Вот эти заготовщики бестолковые в эти заповедные чащи и нагрянули. Давай и там всё крушить да рвать и ломать.
Я-то сама в те поры в Молёбку пошла, на почту. Иду себе, гляжу — у почты рябиновый грузовик стоит, вокруг мужики-заготовщики, на травке сидят, покуривают. Умаялись, вишь, сердешные, разбойничая.
А по селу нет ни души. И куда все молёбские в воскресенье подевались — никому неведомо. Все ставни закрыты, ворота заперты, даже собаки голоса не подают. Вдруг — глядь, идёт к почте бабка — из лесу, видно. Несёт веник рябиновый — насбирала, значит, чего заготовщики наломали… Подошла она к мужикам и стоит молчит, глядит на них тихонечко, и всё. Неуютно стало заготовщикам, переглядываются меж собой, а от бабки глаза в сторону отводят. Тут один лохматый не вытерпел, кричит как в лесу: «Чего тебе, бабка? Иди своей дорогой!» А бабка знай себе стоит. «Чё тебе надо, а?» — говорит заготовщик. А бабка ни звука, только давай тихонько так веником на них помахивать. «Ах ты! — взъярился мужик. — А ну чеши отсюда, ведьма старая! Пристала как репей!»
Встрепенулась бабка, голову как-то набок наклонила, да и говорит: «Лесному вору всегда репей впору. Ты бы, дурачок, себя пожалел, да своих дружков-разбойников. Ужо наплачетесь ещё, пока все репьи с себя обдерёте!» И пошла себе. Мужики поплевались, посмеялись, да и забыли, видно, про молёбскую бабку.
А вечером грибушинские бабы под окном шумят: «Эй, слыхала ты, Агафья, у заготовщиков-то грузовик загорел! И до Перми не доехали, еле живы остались! Одёжа на них огнём полыхнула, насилу из грузовика выбрались!»
С тех пор нет как нет в наших краях рябиновых разбойников, всех как ветром сдуло. И нам на варенье ягода досталась!
— Ничего я не пойму, Агафья Дормидонтовна! При чём тут репьи какие-то, колдунья молёбская и погорельцы эти рябиновые?
— Чего ж тут непонятного? Подцепили эти заготовщики в молёбской чаще репей-стожар. Травка такая бывает, в заповедных лесах произрастает, цветёт цветочком красненьким, маленьким, а цеплючая — страсть!
Коли появится в чаще лесной вор, начнёт птиц разорять, деревья губить, зверьё обижать, тут стожар ему — цоп! На одежду, на рукав али на подол. Пойдёт человек из лесу, и думать забудет, чего натворил давеча, — тут стожар и полыхнёт у него на одежде. Хорошо, коли жив останется, неповадно будет впредь разбоем промышлять.
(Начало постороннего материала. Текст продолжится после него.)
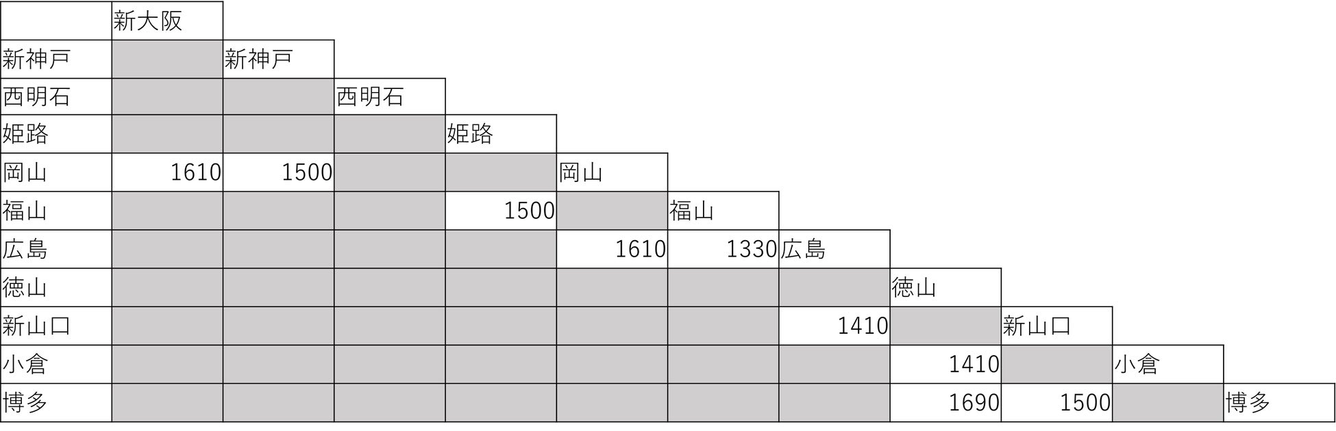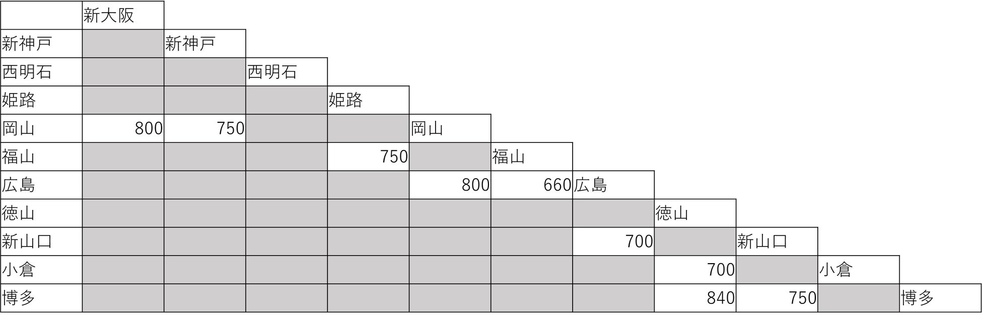 【山陽新幹線開業50周年記念】WESTERポイント超特典きっぷ おねだん【通常期】(単位:円)

Вот бабка молёбская репьём-стожаром и пригрозила рябинникам. Они, молёбские-то, известное дело, колдуны-знахари. А варенье из рябины варить всех молёбские бабы научили. Говорят, оно полезное очень, особливо от простуды.
Филипп Филипыч
Летом нам с тёткой Агафьей в избе не сидится: то по грибы, то по ягоды отправляемся, то травы лесные собирать — да мало ли чего! Ходить-бродить с тёткой не скучно — чего только не расскажет! Бывало, выйдем из Грибушино в берёзовую рощу, Агафья скажет: «Вот на берёзах плакучих русалки смешливые живут, песни распевают. Оттого в роще всякому человеку весело».
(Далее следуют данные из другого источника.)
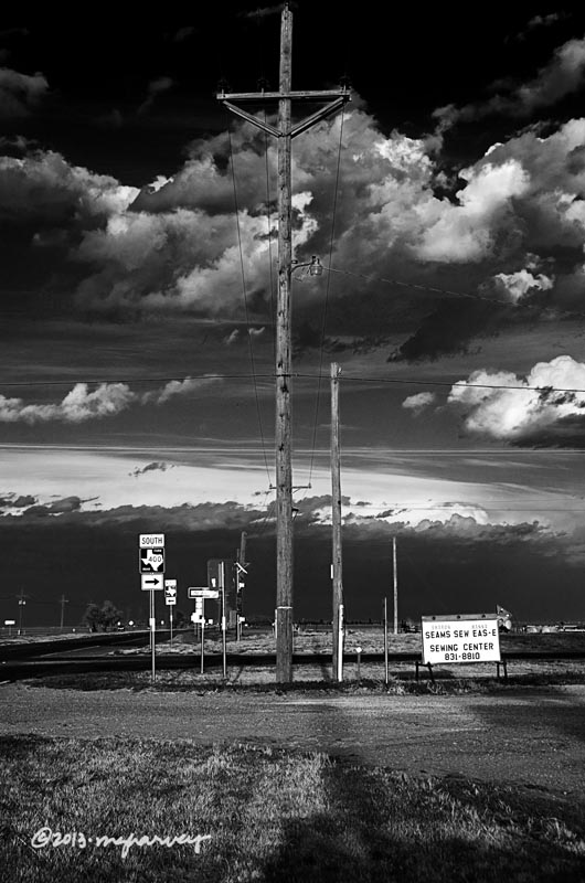 I was driving home from a meeting; there were clouds on the western horizon that gave a gold tint to the light. In the east and north were remnants of a storm that had had a tornado in it. It was a nice change to see so many clouds; the on-going drought has meant a lot fewer spring storms than usual.

Сверну с тропинки в ромашковый цвет, Агафья и тут окликнет: «Полно анчуток пугать! Выходь на дорогу! На всяком, значит, цветочке нечисть такая махонькая живёт, анчуткой зовётся. Безвредные они, да ещё, говорят, — смеётся Агафья, — беспятые. Вот ведь как! Вишь ли, дорогая душа, малый-то народец от людей прячется. Боится, что обидят. Конечно, если добрый человек — ему покажутся. Ещё и пригодятся, али из беды какой выручат… Плохо им, одиноким-то, жить. Людишки, дело понятное, всё больше по городам собрались, сами с собой живут… А энтих сиротами бросили…»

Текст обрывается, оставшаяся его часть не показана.